Возвращаться на нары было свыше моих сил.

И тогда пришла наконец врач Манци, о которой говорила мне медсестра. Я знала о ней так же мало, как и о других, но рассказала ей, почему и как долго нахожусь в заключении... И она мне не отказала. Мы подошли к столу, она взяла лист бумаги, где был проставлен длинный ряд номеров. В самом низу, туда, где, помню, оставалась узенькая полоска, она вписала мой лагерный номер. Если не ошибаюсь, список был составлен на сорок заключенных, сорок первой стала я. [88]

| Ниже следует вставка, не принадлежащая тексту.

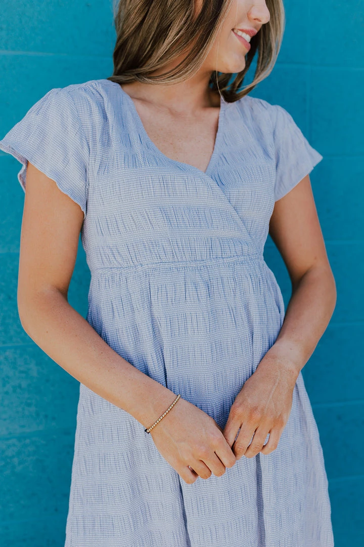This dress is a classic, feminine, and beautiful dress! It’s such a flattering fit and the color is perfect for those summer days! We love this dress with a cute pair of heels and wedges!

На следующее утро среди других вызвали и меня, и я покинула барак, в котором размещалась санчасть. Перед выходом дали кое-какую одежду.

Я увидела снег. Я была счастлива. Счастлива еще и потому, что он показался мне необыкновенно прекрасным, что вообще шел снег, такой же, как в прошлом году и, наверное, как и в будущем. Радовалась, что стою, хожу, что выжила, что вырвалась из санчасти. Лагерные бараки показались мне совсем маленькими, какими-то перевернутыми, все мне казалось отстоящим от меня на большом расстоянии. В ушах шумело. В непомерно больших деревянных башмаках я спотыкалась и много раз падала, дорога, по которой я шла, казалась мне обманчиво ровной, а все находящееся рядом — очень от меня удаленным.

Я думала, что теперь спасена. Ведь я хотела выстоять и выстояла, несмотря на подстерегающие газ и смерть, голод, плети и чесотку. В конце концов это безмерное горе будет устранено, и мне хотелось дожить, увидеть победу над врагом человечества — фашизмом.

Каким после победы будет новый мир? Все это я хотела увидеть и пережить!

Санчасть осталась в прошлом. В последующие дни большое количество содержащихся в ней заключенных были отравлены газом «циклон Б».